Live album by Paul Baloche
- Released: April 1, 2014
- Genre: Worship
- Length: 62:03
- Label: Integrity
- Producer: Michael Rossback

Paul Baloche chronology
| Christmas Worship (2013) | Live (2014) | Christmas Worship, Vol. 2 (2015) |

= Live (Paul Baloche album) =

Live is a live album from Paul Baloche.

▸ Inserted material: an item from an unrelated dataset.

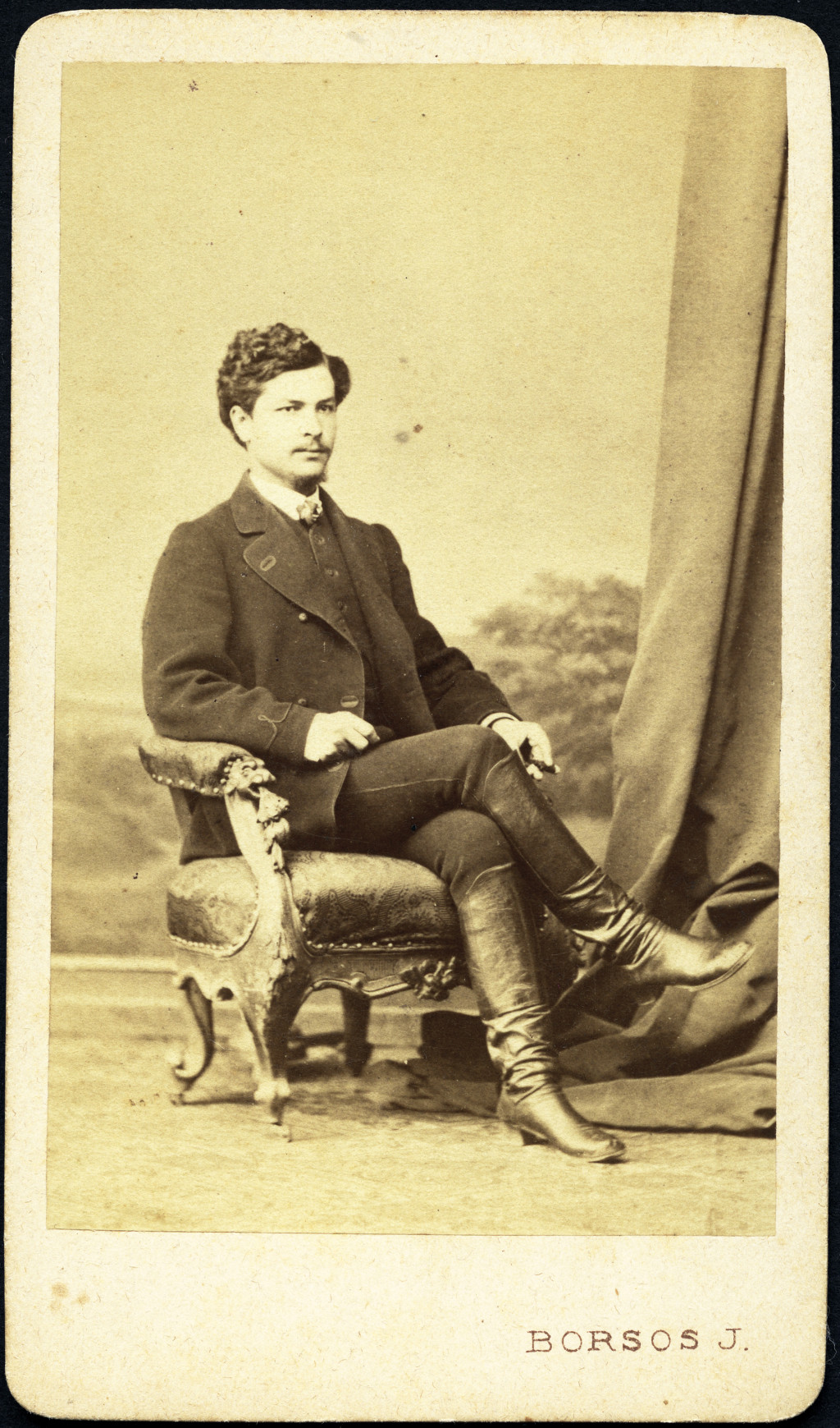 Borsos József műterme, Pest, fiatal férfi szivarral, magyaros ruhába, csizma, monarchia, 1860-as évek, Eredeti CDV, vizitkártya fotó.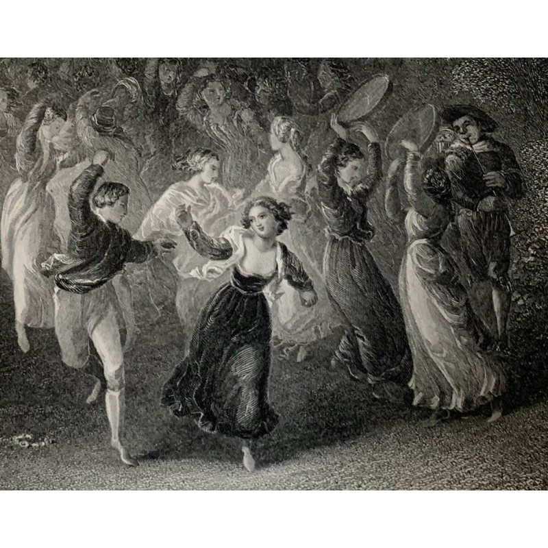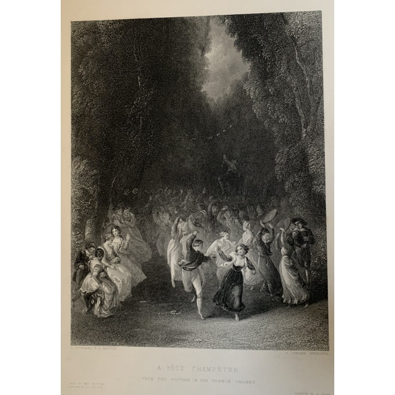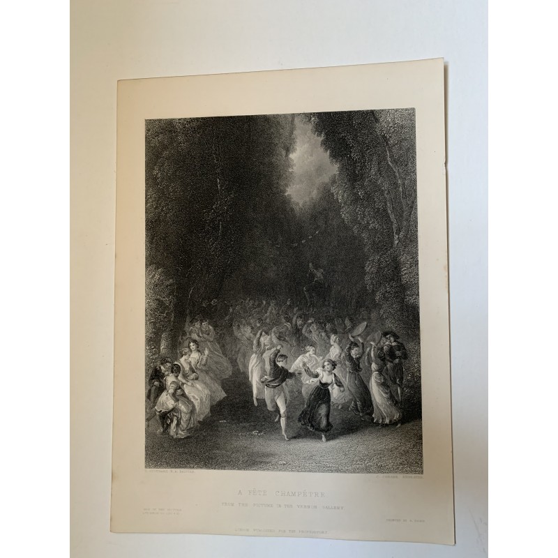 Título: A fête champêtre Grabador: Charles Cousen (1819-1889) Artista: a partir de obra de Thomas Stothard, (1755-1834) Fecha: c1870 Procedencia: The Art Journal Tamaño de la imagen: 24,7x19 cm. Estado: en buen estado.Recipiente :

Integrity Music released the album on April 1, 2014.

==Critical reception==

Awarding the album three stars at CCM Magazine, Grace Aspinwall states, "not as creative; but, overall, the project is uplifting and the recording is clear and wellarranged." Amanda Furbeck, giving the album five stars from Worship Leader, writes, "this album reveals the beauty and authenticity of a worshipping congregation." Rating the album four stars by New Release Today, Kevin Davis says, "you need to add Live to your worship music collection." Jonathan Andre, signaling in a three and a half star review for 365 Days of Inspiring Media, describes, "Paul still delivers a powerful set list, and one that’ll always showcase some of the most underrated songs within CCM worship industry right now." Indicating in a five star review at Christian Music Review, Jay Heilman replies, "Live...further cements himself in the upper echelon of worship artists whose sole aim is to worship alongside us lifting up the name of Christ." Jono Davies, assigning the album four and a half stars from Louder Than the Music, responds, "the heart of the album is all about pointing the listener to Jesus, and these songs do that with style, passion and heartfelt singing." Allocating a four star review for the album from The Christian Music Review Blog, recognizes, "it's a good album...Might have been better as an EP – strip it down to the best 5 songs, because several of them start to blend together too much."

Professional ratings
Review scores
| Source | Rating |
| 365 Days of Inspiring Media | Star Half star |
| CCM Magazine | Star |
| Christian Music Review | Star |
| The Christian Music Review Blog | Star |
| Louder Than the Music | Star Half star |
| New Release Today | Star |
| Worship Leader | Star |

==Awards and accolades==
This album was No. 6 on the Worship Leaders Top 20 Albums of 2014 list.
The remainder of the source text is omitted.